[Start of section]
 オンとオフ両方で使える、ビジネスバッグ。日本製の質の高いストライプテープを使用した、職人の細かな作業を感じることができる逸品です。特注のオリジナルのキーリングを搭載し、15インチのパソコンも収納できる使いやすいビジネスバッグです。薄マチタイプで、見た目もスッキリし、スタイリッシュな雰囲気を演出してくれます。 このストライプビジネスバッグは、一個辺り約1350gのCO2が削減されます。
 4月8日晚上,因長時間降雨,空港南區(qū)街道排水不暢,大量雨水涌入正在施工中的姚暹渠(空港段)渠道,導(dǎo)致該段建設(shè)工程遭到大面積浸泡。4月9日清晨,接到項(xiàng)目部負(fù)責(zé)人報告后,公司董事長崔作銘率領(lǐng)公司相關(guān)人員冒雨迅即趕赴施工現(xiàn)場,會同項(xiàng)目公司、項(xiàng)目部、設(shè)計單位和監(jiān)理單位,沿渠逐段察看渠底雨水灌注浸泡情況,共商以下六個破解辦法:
[End of section]
[Start of section]
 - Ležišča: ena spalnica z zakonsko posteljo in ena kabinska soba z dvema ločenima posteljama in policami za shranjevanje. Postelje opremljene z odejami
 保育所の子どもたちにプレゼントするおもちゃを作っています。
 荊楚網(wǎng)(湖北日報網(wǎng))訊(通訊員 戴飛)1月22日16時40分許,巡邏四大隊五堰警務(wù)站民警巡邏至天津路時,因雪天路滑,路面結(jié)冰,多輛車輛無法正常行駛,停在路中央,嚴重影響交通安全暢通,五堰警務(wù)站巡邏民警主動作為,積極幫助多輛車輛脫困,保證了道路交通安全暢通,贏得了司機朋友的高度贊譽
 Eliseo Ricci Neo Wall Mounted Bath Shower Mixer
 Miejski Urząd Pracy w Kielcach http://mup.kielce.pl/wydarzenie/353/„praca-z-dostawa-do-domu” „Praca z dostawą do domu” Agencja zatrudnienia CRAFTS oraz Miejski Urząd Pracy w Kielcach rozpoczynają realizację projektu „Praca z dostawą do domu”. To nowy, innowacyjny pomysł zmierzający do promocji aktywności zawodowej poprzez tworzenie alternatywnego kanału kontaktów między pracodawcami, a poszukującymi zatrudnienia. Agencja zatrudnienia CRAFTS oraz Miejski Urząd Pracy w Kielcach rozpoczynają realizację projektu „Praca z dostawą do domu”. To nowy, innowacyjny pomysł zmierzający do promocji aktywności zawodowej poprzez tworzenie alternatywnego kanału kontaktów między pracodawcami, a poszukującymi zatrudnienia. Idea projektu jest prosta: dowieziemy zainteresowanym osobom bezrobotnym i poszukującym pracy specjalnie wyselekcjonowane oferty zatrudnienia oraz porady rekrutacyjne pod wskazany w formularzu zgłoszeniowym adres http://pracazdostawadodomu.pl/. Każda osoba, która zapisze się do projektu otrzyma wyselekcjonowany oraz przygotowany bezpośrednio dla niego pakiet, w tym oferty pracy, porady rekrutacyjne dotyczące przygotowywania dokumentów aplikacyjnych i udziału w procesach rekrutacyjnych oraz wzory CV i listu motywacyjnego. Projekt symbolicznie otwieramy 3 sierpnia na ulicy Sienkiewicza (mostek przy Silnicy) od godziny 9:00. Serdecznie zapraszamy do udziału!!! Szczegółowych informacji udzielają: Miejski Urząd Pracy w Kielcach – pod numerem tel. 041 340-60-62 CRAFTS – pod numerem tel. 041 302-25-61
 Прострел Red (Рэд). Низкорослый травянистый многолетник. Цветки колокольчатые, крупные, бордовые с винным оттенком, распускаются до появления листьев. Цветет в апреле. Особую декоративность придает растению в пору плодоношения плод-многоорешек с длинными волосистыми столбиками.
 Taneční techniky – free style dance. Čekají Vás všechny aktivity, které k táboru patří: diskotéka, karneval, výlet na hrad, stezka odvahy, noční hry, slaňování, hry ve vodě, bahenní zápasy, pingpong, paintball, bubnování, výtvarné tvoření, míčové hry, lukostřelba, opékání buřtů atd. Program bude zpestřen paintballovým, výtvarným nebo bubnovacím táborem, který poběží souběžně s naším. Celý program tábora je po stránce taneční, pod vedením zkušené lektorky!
[End of section]
## WHAT THIS TASK INVOLVES
Set down only the lines above that fall between the line holding "オンとオフ両方で使える、ビジ" and the line holding "4月8日晚上,因長時間降雨,空港南區(q", inclusive, keeping each exact.

## EXERCISE SOLUTION
 オンとオフ両方で使える、ビジネスバッグ。日本製の質の高いストライプテープを使用した、職人の細かな作業を感じることができる逸品です。特注のオリジナルのキーリングを搭載し、15インチのパソコンも収納できる使いやすいビジネスバッグです。薄マチタイプで、見た目もスッキリし、スタイリッシュな雰囲気を演出してくれます。 このストライプビジネスバッグは、一個辺り約1350gのCO2が削減されます。
 4月8日晚上,因長時間降雨,空港南區(qū)街道排水不暢,大量雨水涌入正在施工中的姚暹渠(空港段)渠道,導(dǎo)致該段建設(shè)工程遭到大面積浸泡。4月9日清晨,接到項(xiàng)目部負(fù)責(zé)人報告后,公司董事長崔作銘率領(lǐng)公司相關(guān)人員冒雨迅即趕赴施工現(xiàn)場,會同項(xiàng)目公司、項(xiàng)目部、設(shè)計單位和監(jiān)理單位,沿渠逐段察看渠底雨水灌注浸泡情況,共商以下六個破解辦法:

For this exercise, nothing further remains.